## DATA BELOW
******
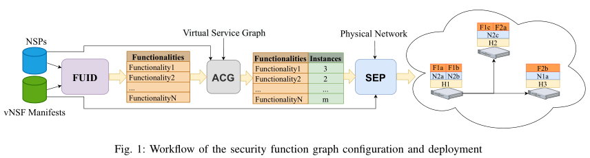 FUID阶段在安全提供程序指定的一组NSP上工作。在接收到MLPL中表示的一组NSP后,FUID阶段将确定实施这些NSP可能需要的功能。要执行此任务,它可以访问一个存储库,该存储库包含可用于在网络中进行有效部署的所有VNSF。每个vNSF均附有符合第二节定义的清单。
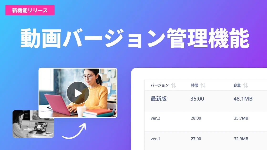 動画コンテンツの運用において、多くのユーザー様から「アップロード済みの動画を新しいバージョンに差し替えたい」「過去のバージョンも保管しておきたい」といったご要望を頂戴しておりました。これらのニーズにお応えするため、今回のアップデートでは包括的なバージョン管理システムを実装いたしました。
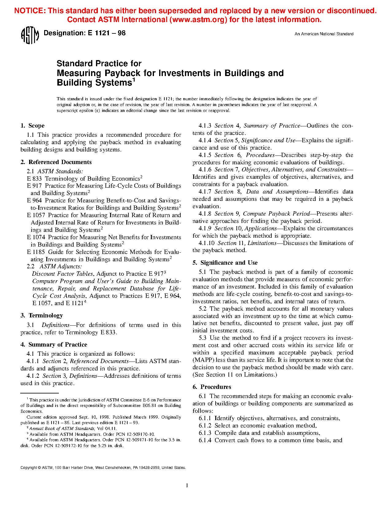 1.1 This practice provides a recommended procedure for calculating and applying the payback method in evaluating building designs and building systems.
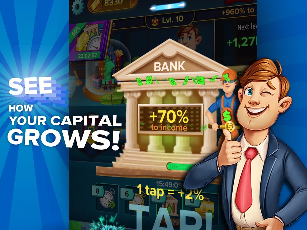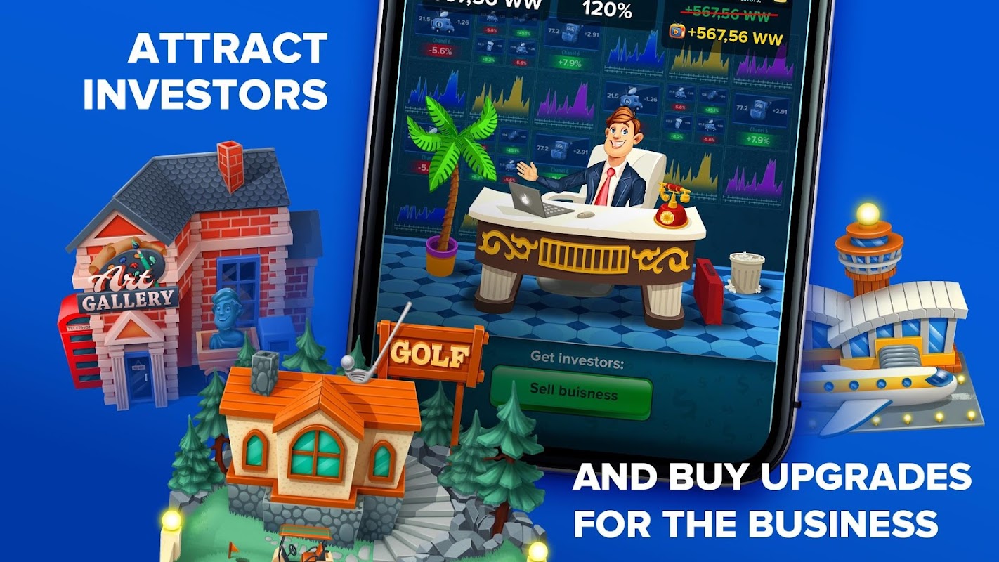 Attract investors, hire managers, and buy upgrades for the business. See how your capital grows!
******
## TRY IT
Restate the whole listing word for word. Omit the pictures.

## TASK OUTPUT
 FUID阶段在安全提供程序指定的一组NSP上工作。在接收到MLPL中表示的一组NSP后,FUID阶段将确定实施这些NSP可能需要的功能。要执行此任务,它可以访问一个存储库,该存储库包含可用于在网络中进行有效部署的所有VNSF。每个vNSF均附有符合第二节定义的清单。
 動画コンテンツの運用において、多くのユーザー様から「アップロード済みの動画を新しいバージョンに差し替えたい」「過去のバージョンも保管しておきたい」といったご要望を頂戴しておりました。これらのニーズにお応えするため、今回のアップデートでは包括的なバージョン管理システムを実装いたしました。
 1.1 This practice provides a recommended procedure for calculating and applying the payback method in evaluating building designs and building systems.
 Attract investors, hire managers, and buy upgrades for the business. See how your capital grows!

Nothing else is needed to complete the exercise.